● TASK STATEMENT:
An exact copy of every record, without the pictures, is what should come back.

● SUPPLIED DATA:
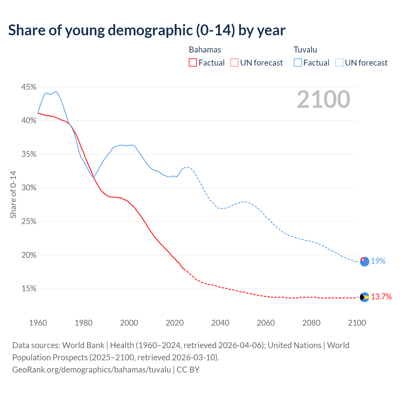 - The share of young demographic (0-15 years old) in the Bahamas is 17.9% vs 32.9% in Tuvalu.
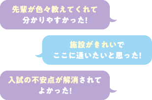 先輩方のお陰で、大学のイメージが湧きやすかったので、漠然としていた東京未来大学でのキャンパスライフが明確にイメージできました!
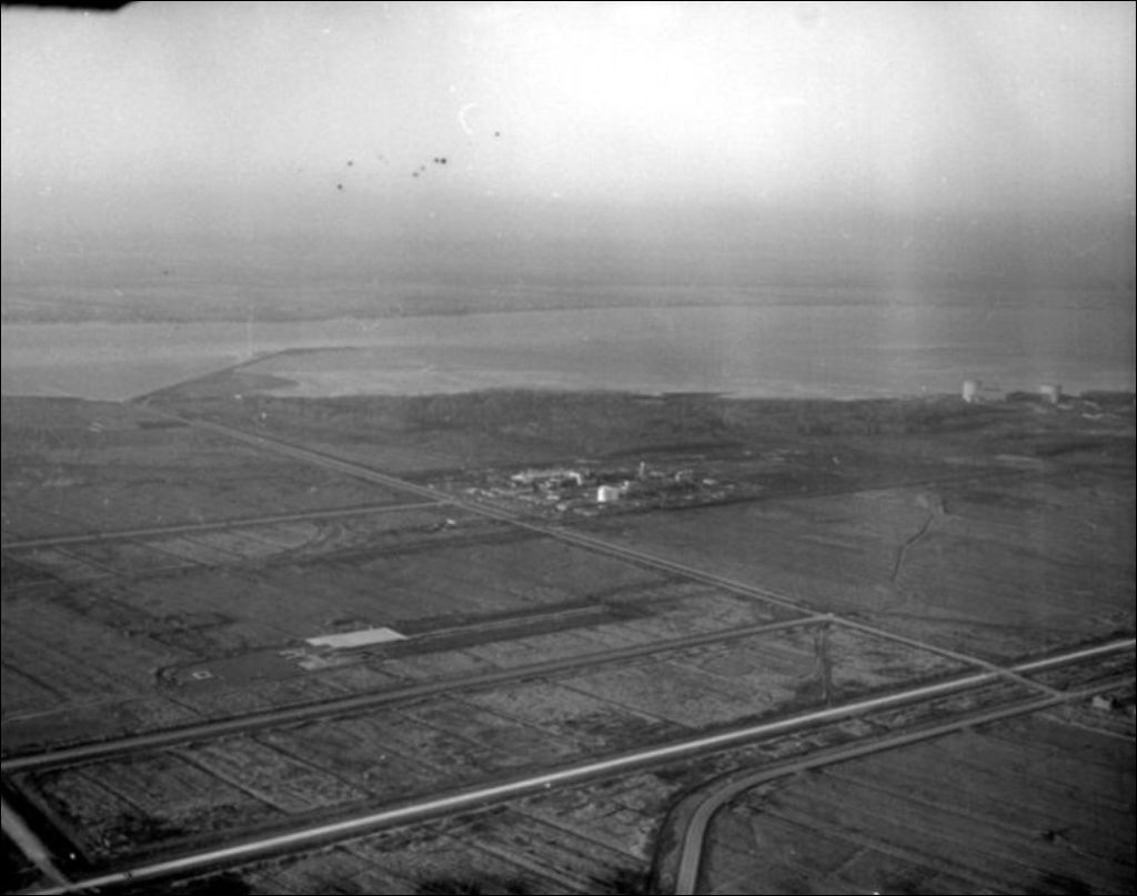 - Vue aérienne du parc industriel de Bécancour. On distingue notamment l'usine de produits chimiques industriels de la Canadian Industries Limited (CIL), la centrale nucléaire de Gentilly et une jetée. Photos commandées par Jacques Lannoye du ministère de l'Industrie et du Commerce, Service des parcs industriels
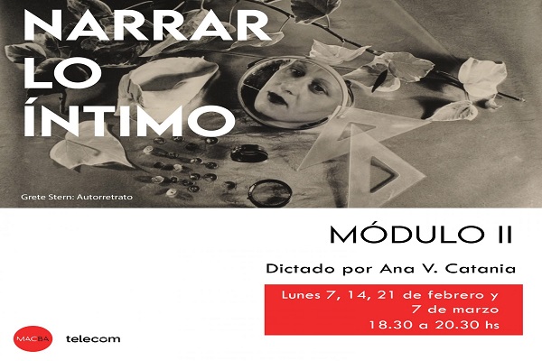 TALLER DE LECTURA: NARRAR LO ÍNTIMO – MÓDULO II. Dictado por Ana V. Catania. Días: lunes 7, 14, 21 de febrero y 7 de marzo. Horario: 18.30 a 20.30 hs. Costo: $4000 Modalidad: Educación online por Zoom. Se entrega certificado de asistencia
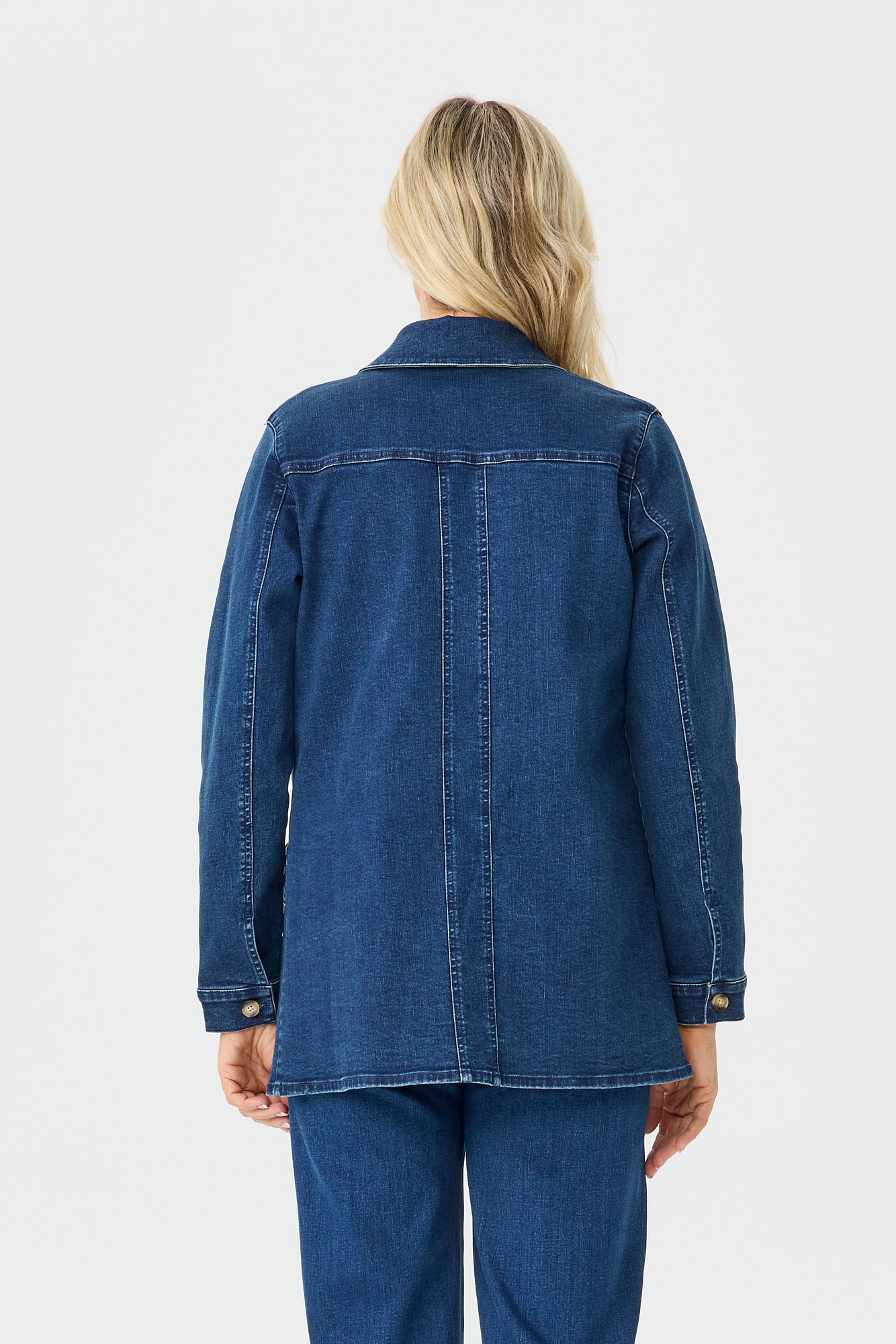 Refresh your outerwear collection with the Harper Denim Longline Jacket in Indigo. Designed for everyday versatility this classic denim layer blends structure with comfort thanks to its stretch fabrication. The longline silhouette offers flattering coverage while the collared neckline front yoke detailing and faux horn button closure bring timeless denim styling to this easy-to-wear wardrobe staple.
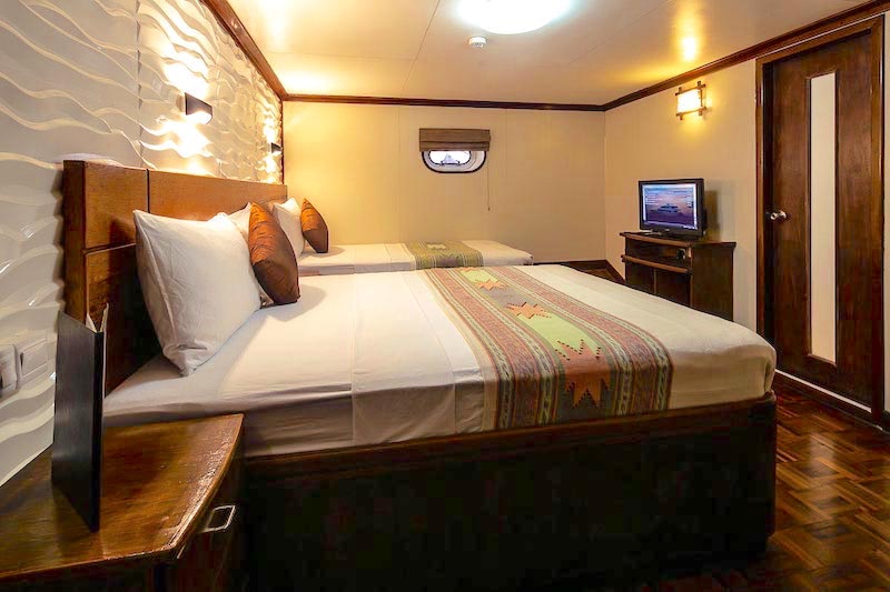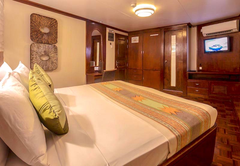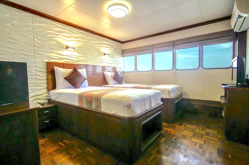 The two superior cabins, located on the main deck, have king size beds which can be separated in two super single beds and desk/chair/dresser, hanging closet, large windows, private ensuite bathroom and shower cubicle.
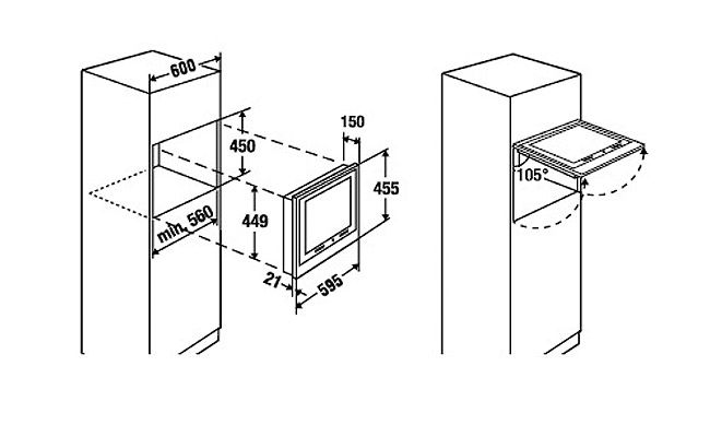 - Размеры ниши для встраивания Ш х Г x В ≈ 560 х 450 x 200 мм

● ANSWER TO THIS PROBLEM:
 - The share of young demographic (0-15 years old) in the Bahamas is 17.9% vs 32.9% in Tuvalu.
 先輩方のお陰で、大学のイメージが湧きやすかったので、漠然としていた東京未来大学でのキャンパスライフが明確にイメージできました!
 - Vue aérienne du parc industriel de Bécancour. On distingue notamment l'usine de produits chimiques industriels de la Canadian Industries Limited (CIL), la centrale nucléaire de Gentilly et une jetée. Photos commandées par Jacques Lannoye du ministère de l'Industrie et du Commerce, Service des parcs industriels
 TALLER DE LECTURA: NARRAR LO ÍNTIMO – MÓDULO II. Dictado por Ana V. Catania. Días: lunes 7, 14, 21 de febrero y 7 de marzo. Horario: 18.30 a 20.30 hs. Costo: $4000 Modalidad: Educación online por Zoom. Se entrega certificado de asistencia
 Refresh your outerwear collection with the Harper Denim Longline Jacket in Indigo. Designed for everyday versatility this classic denim layer blends structure with comfort thanks to its stretch fabrication. The longline silhouette offers flattering coverage while the collared neckline front yoke detailing and faux horn button closure bring timeless denim styling to this easy-to-wear wardrobe staple.
 The two superior cabins, located on the main deck, have king size beds which can be separated in two super single beds and desk/chair/dresser, hanging closet, large windows, private ensuite bathroom and shower cubicle.
 - Размеры ниши для встраивания Ш х Г x В ≈ 560 х 450 x 200 мм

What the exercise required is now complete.